What is needed
Output the data below exactly, without images.

Data segment
"""
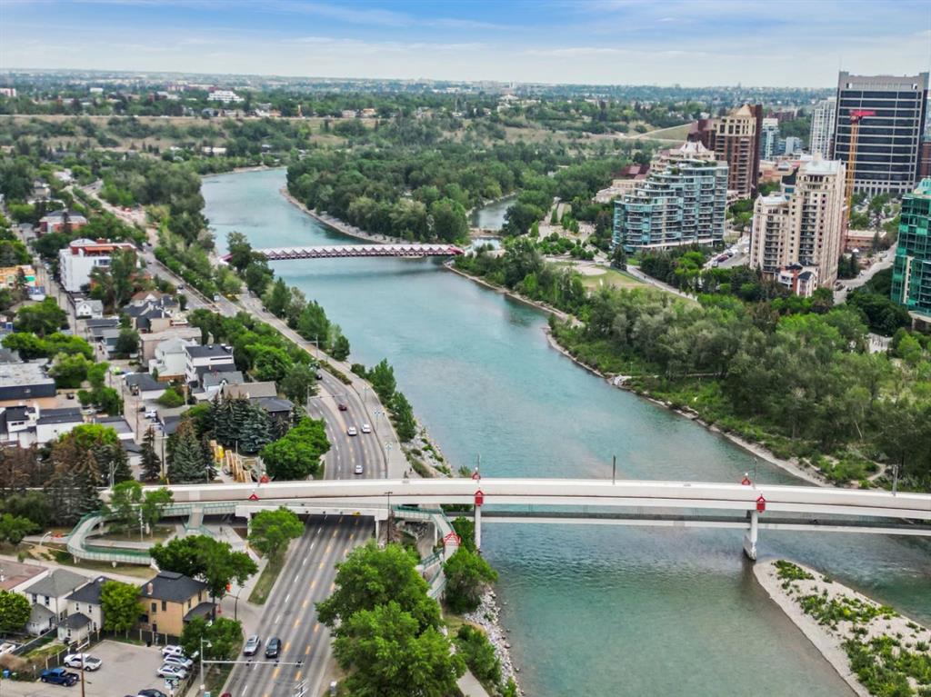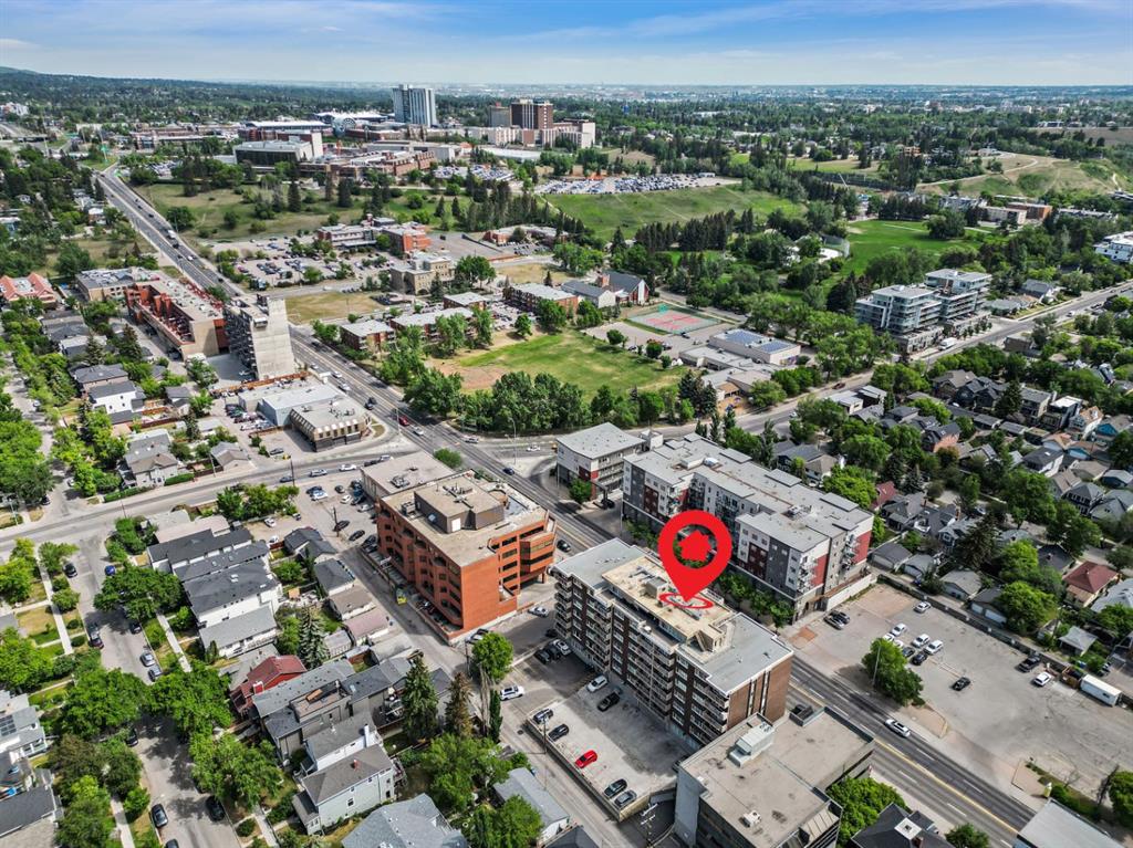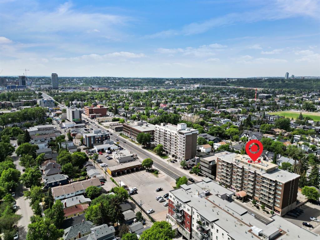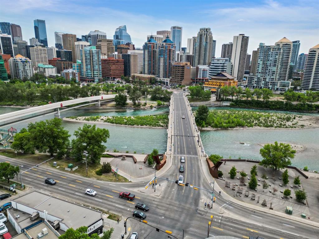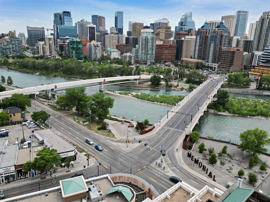 This corner END unit showcases fantastic CITY SKYLINE VIEWS and must be seen. Very close to the downtown core in the heart of Hillhurst, and walking distance to the pubs, restaurants, and shops of Kensington. Stroll to the walking paths along the Bow River, beautiful Riley Park, and the Sunnyside LRT station and even up the hill to SAIT! In a concrete building, this 1-bedroom condo features a kitchen perfect for entertaining with eating bar, stainless steel appliances, granite countertops, mosaic tile backs...
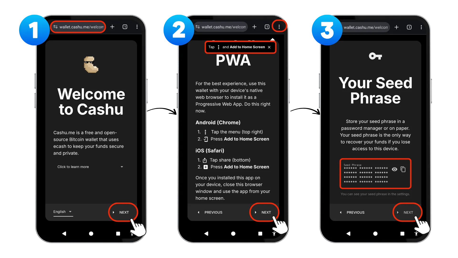 . Once installed, close the browser tab and launch Cashu.me from your device's home screen. On the welcome screen, tap Next
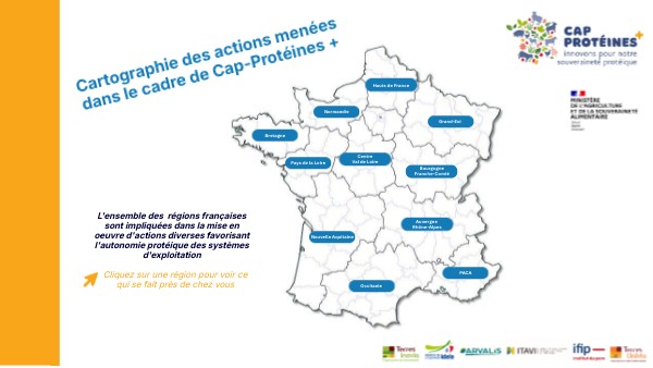 L'ensemble des régions françaises sont impliquées dans la mise en oeuvre d'actions diverses favorisant l'autonomie protéique des systèmes d'exploitation
"""
Written reply
 This corner END unit showcases fantastic CITY SKYLINE VIEWS and must be seen. Very close to the downtown core in the heart of Hillhurst, and walking distance to the pubs, restaurants, and shops of Kensington. Stroll to the walking paths along the Bow River, beautiful Riley Park, and the Sunnyside LRT station and even up the hill to SAIT! In a concrete building, this 1-bedroom condo features a kitchen perfect for entertaining with eating bar, stainless steel appliances, granite countertops, mosaic tile backs...
 . Once installed, close the browser tab and launch Cashu.me from your device's home screen. On the welcome screen, tap Next
 L'ensemble des régions françaises sont impliquées dans la mise en oeuvre d'actions diverses favorisant l'autonomie protéique des systèmes d'exploitation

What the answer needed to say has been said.